Galaksi kita, galaksi Bima Sakti, sebenarnya bukan hanya terdiri dari bintang-bintang, tetapi juga awan gas dan debu yang biasanya disebut awan molekul. Seperti halnya awan di angkasa bumi menghalangi pengamatan bintang, awan molekul menghalangi pengamatan galaksi-galaksi luar yang lebih jauh dari bintang-bintang yang biasa kita lihat. Akibat serapan cahaya oleh kumpulan awan molekul di hampir seluruh bidang galaksi kita itu, menyebabkan daerah langit yang dilalui Bima Sakti sebagai zona gelap. Hanya sebagian kecil saja yang sedikit mengandung awan molekul yang dikenal sebagai jendela galaksi, misalnya di sekitar Puppis. Di daerah Puppis ini jumlah galaksi luar yang teramati relatif banyak dibandingkan dengan di daerah bidang galaksi lainnya.

Untuk mengetahui lebih jelas struktur alam semesta dalam skala besar, telaah sebaran galaksi-galaksi di zona gelap ini sangat diperlukan. Tetapi bagaimana?

Galaksi-galaksi luar itu memancarkan sinar infra merah yang cukup kuat. Sifat sinar infra merah yang utama adalah kemampuannya menembus halangan awan molekul. Sehingga kalau kita menggunakan kamera yang peka menangkap pancaran sinar infra merah dari galaksi-galaksi luar itu, kita akan melihat lebih banyak galaksi luar di zona gelap itu.

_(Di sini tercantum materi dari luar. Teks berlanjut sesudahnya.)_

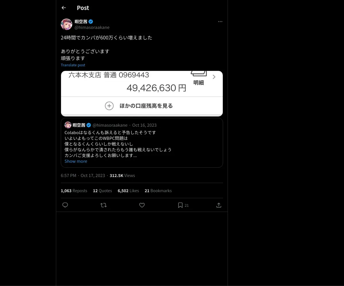 取得元URL: https://x.com:443/himasoraakane/status/1714218953713815579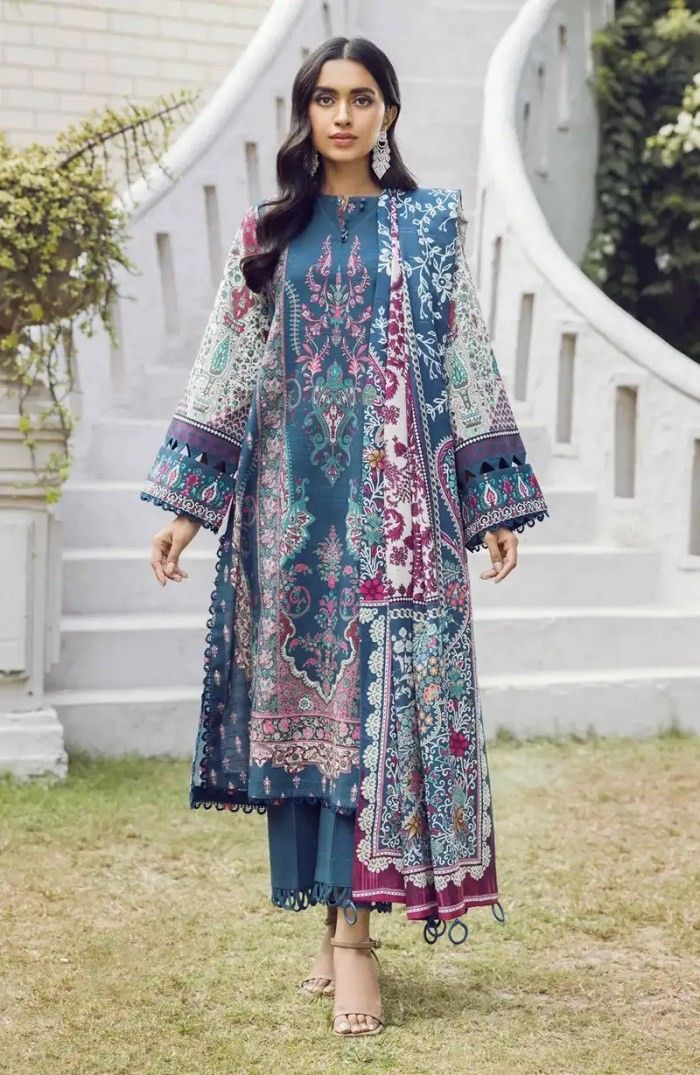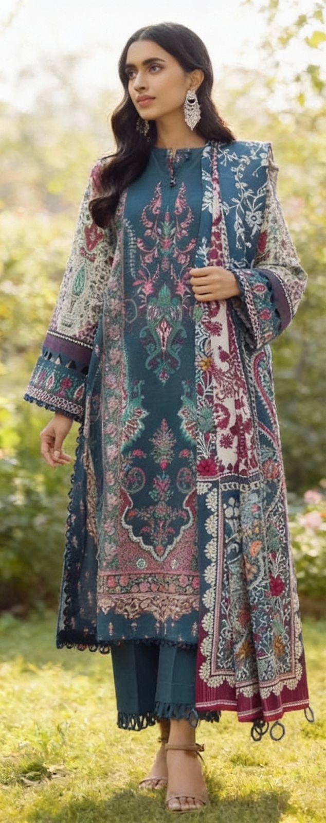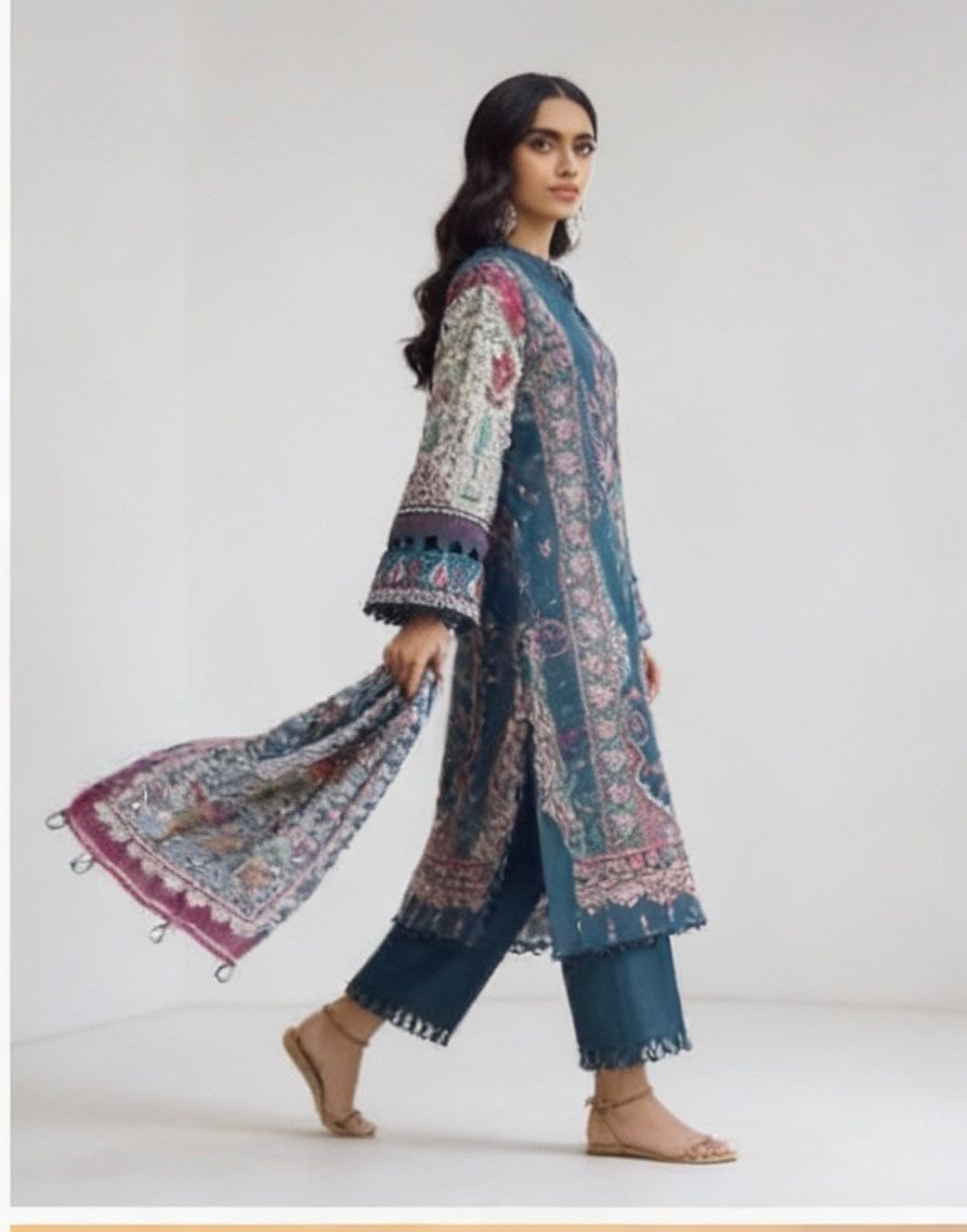 Description- A chic teal lawn suit featuring intricate paisley and floral prints in maroon, ivory, and green, paired with a matching printed dupatta and solid straight pants for an elegant, ready-to-wear ethnic look.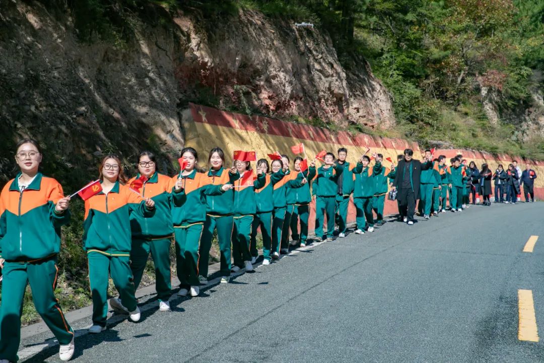 师生们跟随革命先辈的足迹,沿着蜿蜒曲折的山路开展“重走长征路”步行研学活动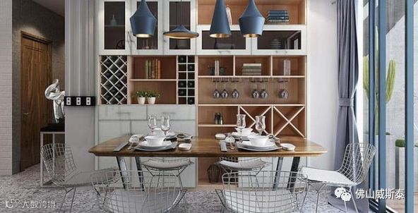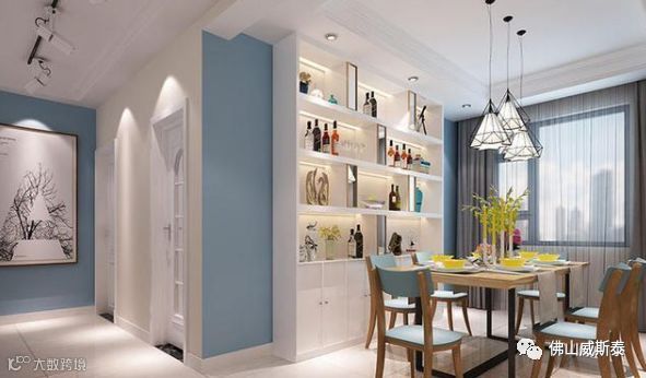 相比之下酒柜这样设计显得非常精致清新,白色的隔板柜次采用到顶的设计,与浅蓝色的墙壁非常好的搭配在一起,显得非常时尚清新。多层的隔板上能够摆放很多红酒和酒柜,在里面灯光的映衬下,使得室内显得更加时尚有档次感。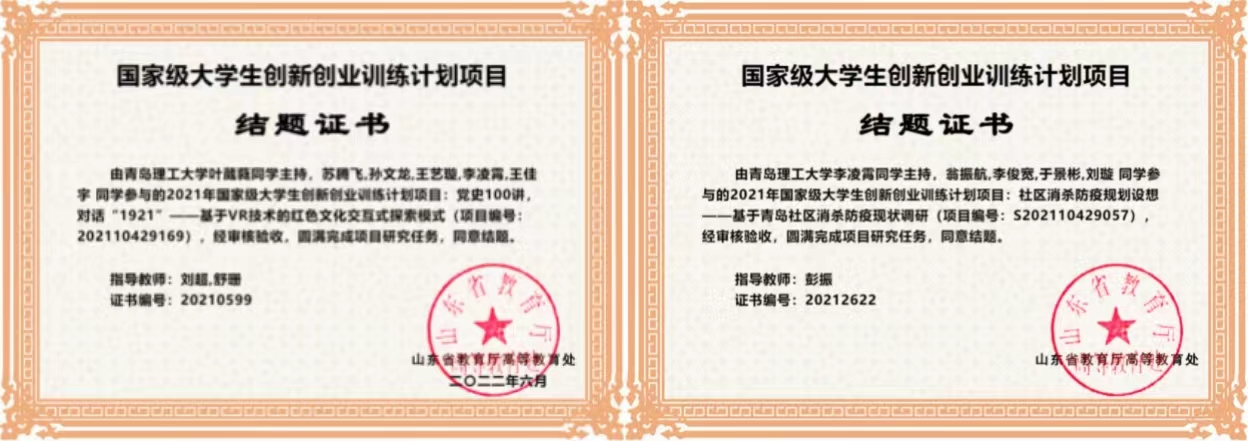 国家级大学生创新创业训练计划项目已结题3个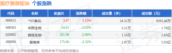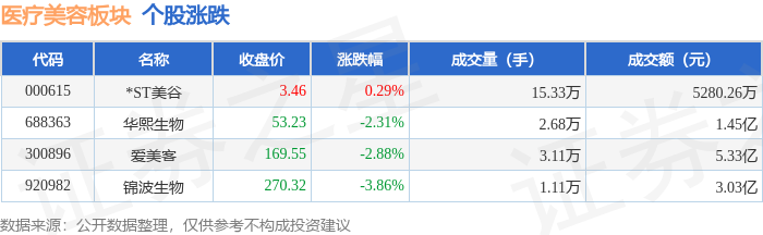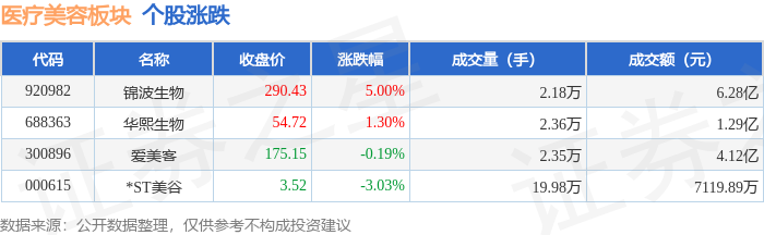 从资金流向上来看,当日医疗美容板块主力资金净流出7569.93万元,游资资金净流入2739.55万元,散户 资金净流入4830.38万元。医疗美容板块个股资金流向见下表: 证券之星消息,10月13日医疗美容板块较上一交易日下跌1.92%,爱美客领跌。当日上证指数报收于 3889.5,下跌0.19%。深证成指报收于13231.47,下跌0.93%。医疗美容板块个股涨跌见下表: | 代码 | 名称 | 收盘价 | 涨跌幅 | 成交量(手) | 成交额(元) | | --- | --- | --- | --- | --- | --- | | 000615 | *ST美谷 | 3.47 | 5.15% | 24.31万 | 8393.48万 | | 688363 | 华熙生物 | 54.65 | -2.03% | 3.21万 | 1.76 Z | | 920982 | 锦波生物 | 261.98 | -2.06% | 1.10万 | 2.85 乙 | | 300896 | 爱美客 | 175.66 | -2.32% | 2.87万 | 5.03亿 | | 代码 | | | 名称 | | | | | --- | --- ...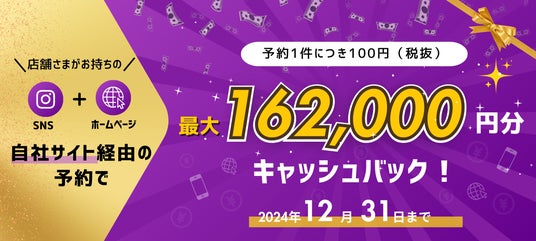 2024年12月31日までの新規ご契約で予約1件につき100円、最大162,000円分キャッシュバック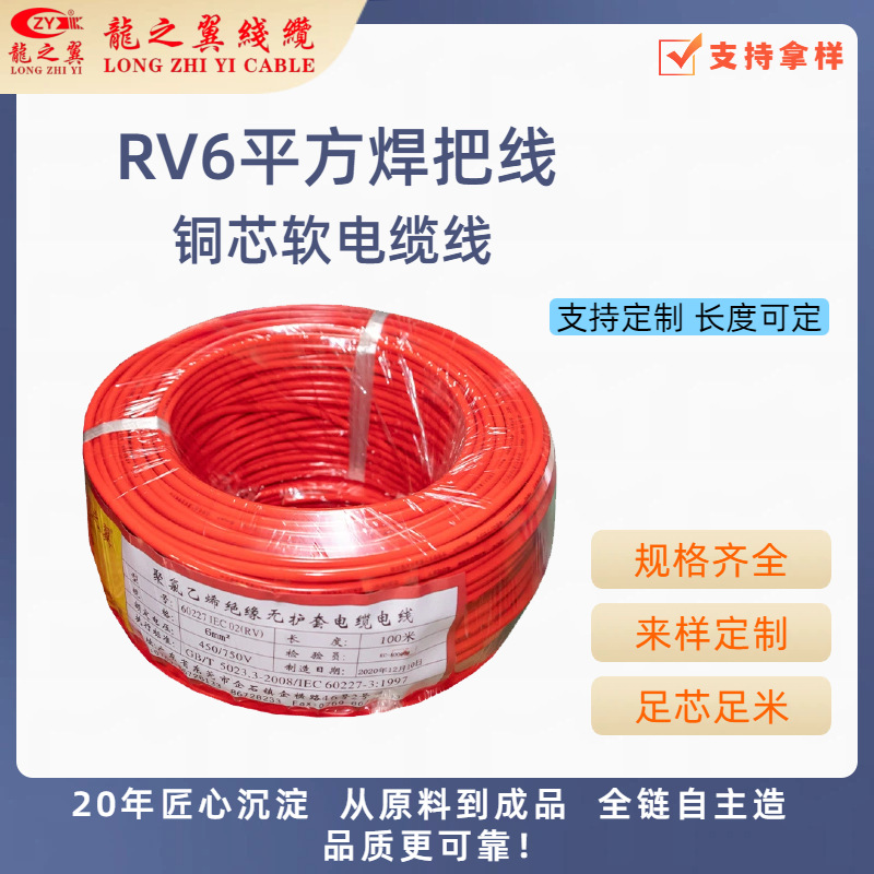 RV6平方多股铜芯软电缆红色耐磨焊把线电焊机/激光设备专用连接线

Maka pencarian galaksi di zona gelap itu dilakukan terutama dengan memanfaatkan hasil survai langit yang mendeteksi pancaran sinar infra merah. Pencarian ini dapat dilakukan dengan memanfaatklan data IRAS (Infrared Astronomical Satelite) yang dikonfirmasikan secara visual pada foto langit (paper print) POSS (Palomar Observatory Sky Survey) dan atlas inframerah UK Schmidt.

Dari hasil pencarian itu diperoleh ribuan galaksi di zona gelap itu. Setelah dianalisis, struktur sebarannya menunjukkan adanya kesinambungan gugus galaksi raksasa yang membentuk filamen Hydra dan Puppis dan beberapa filamen lainnya. Sebelumnya struktur yang “terpenggal” oleh zona gelap masih merupakan teka-teki, apakah struktur itu bersambung atau memang terpenggal.

Dengan telaah sinar infra merah yang dipancarkan galaksi-galaksi luar teka-teki itu terjawab. Tetapi masih diperlukan telaah lebih mendalam untuk mempelajari struktur alam semesta yang lebih lengkap lagi. Kini dengan teleskop pendeteksi sinar infra merah yang lebih canggih yang berada di satelit di luar angkasa usaha itu masih diteruskan. Semakin jauh kita menembus kedalaman langit menguak struktur alam semesta, kita akan makin tahu kekecilan galaksi kita, apalagi bumi dan diri kita sendiri.